ORTRIE D. SMITH, Senior District Judge.

Pending is Plaintiff's appeal of the Commissioner of Social Security's final decision denying his application for disability and supplemental security income benefits. The Commissioner's decision is affirmed.

I. BACKGROUND

Plaintiff filed this application for disability benefits in March 2011. He originally alleged an onset date of May 28, 2008 but later amended the onset date to January 20, 2011. R. at 35-36. The ALJ found Plaintiff retained the residual functional capacity ("RFC") to perform light work with certain additional limitations, including a limitation to "simple routine, repetitive tasks that are not performed in a fast-paced production environment, or as an integral part of a team" that required "only simple, work-related decisions and in general relatively few work place changes." The ALJ also determined Plaintiff could only "occasionally interact with supervisors, coworkers and the general public." R. at 15. Based on the testimony from a vocational expert, the ALJ concluded Plaintiff could not return to his past relevant work as logger, maintenance worker, or welder, but that he could perform other jobs in the national economy. Plaintiff contends the ALJ erred in (1) failing to accord controlling weight to the opinion of his treating physician, Dr. Raphael Torontow, and (2) formulating an RFC for which there was inadequate support.
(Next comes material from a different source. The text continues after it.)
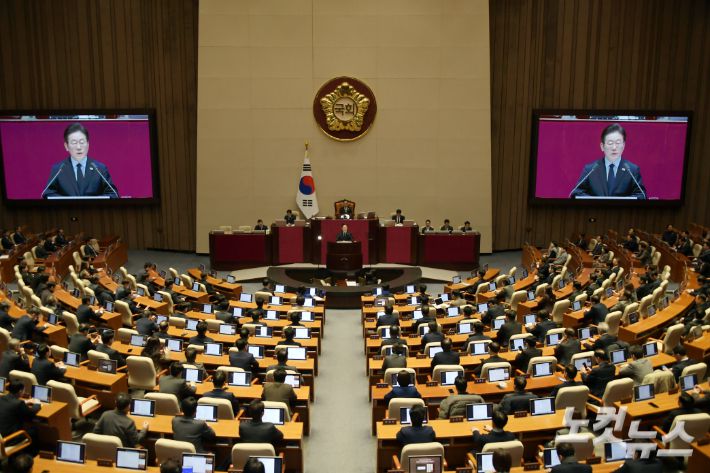 더불어민주당 이재명 대표가 10일 서울 여의도 국회에서 열린 제422회 국회(임시회) 제02차 본회의에서 교섭단체대표연설을 하고 있다. 윤창원 기자 |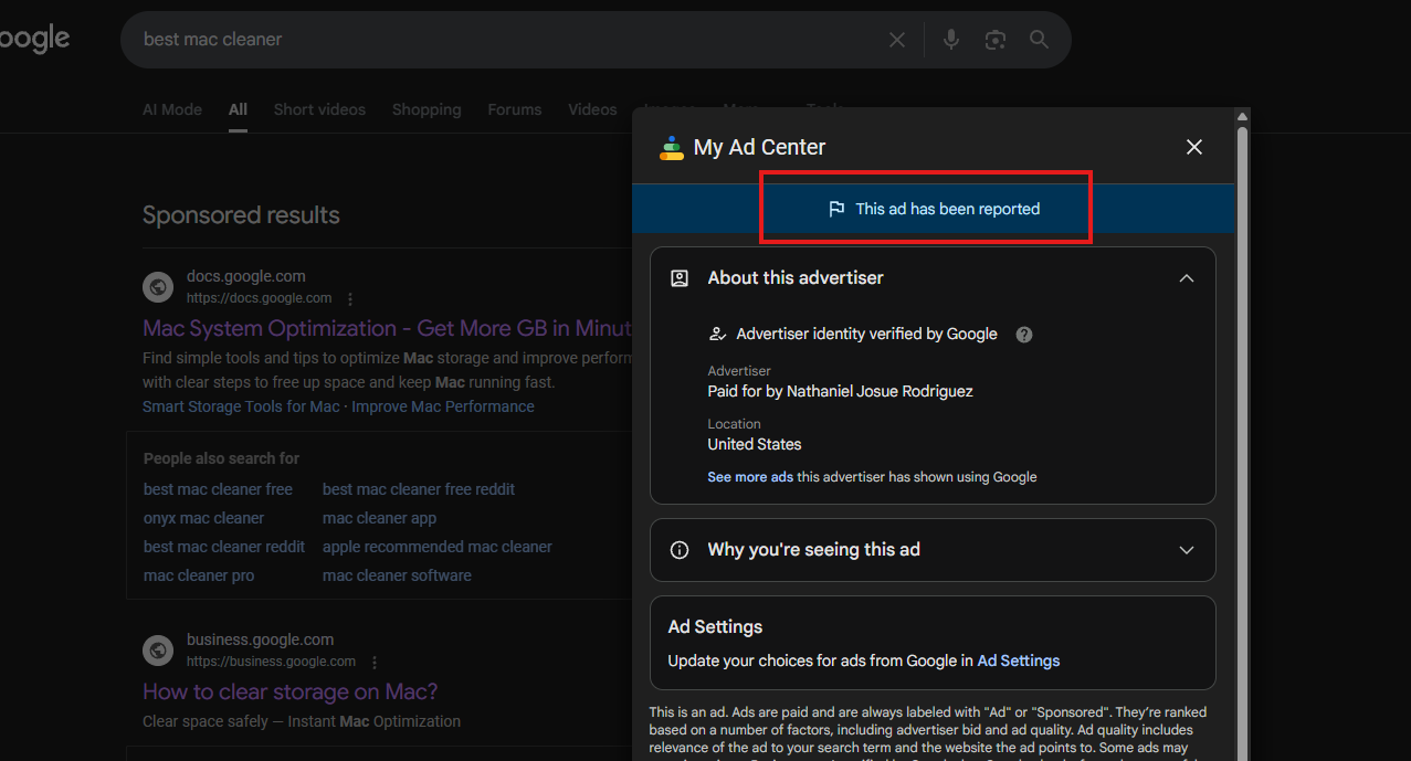 We've already reported these ads to Google to protect Mac users from being hacked.

In 2007, Plaintiff was working as a logger when he was involved in an accident at work. In September 2010 he was complaining of pain in his back that extended to his thighs and legs. Dr. Torontow referred Plaintiff to Dr. Brian Curtis, who noted Plaintiff was not in acute distress and demonstrated normal flexion. An x-ray taken in March 2010 "show[ed] good alignment of the lumbar bodies," and Dr. Curtis arranged for an MRI. R. at 242-44. At Dr. Curtis's request, Dr. Henry Mollman (from the University Hospital neurosurgery clinic) examined Plaintiff after the MRI was completed. Dr. Mollman noted the MRI revealed "normal curvature of the lumbar spine, typical degenerative disease with minimal bulging disk and disk attenuation at all levels with slight narrowing of the S-1 disk." However, at the L5 nerve root there was "clearly enlaragement of the nerve root and neural foramina, consistent with a neurofibroma."1 However, the neurofibroma "does not cause any canal compromise to account for his left leg symptoms." Dr. Mollman opined the pain in Plaintiff's left leg was likely attributed to his 2007 injury. Surgery or other action was not called for because there were no symptoms attributable to the neurofibroma.

On physical examination, Plaintiff demonstrated a normal curve of the lumbar spine and full extension (although extension caused low back pain and some left leg pain). He demonstrated intact sensation and normal gait. There was no muscle weakness, and Plaintiff's reflexes were "2/5 right knee, absent left knee, trace both ankles." Dr. Mollman suggested Plaintiff follow up in a year to check on the neurofibroma's status. R. at 245-48.

Plaintiff asked Dr. Torontow to arrange for a second opinion. R. at 373. Another MRI was performed in December 2010. In all respects it was similar to the MRI taken in October. R. at 256.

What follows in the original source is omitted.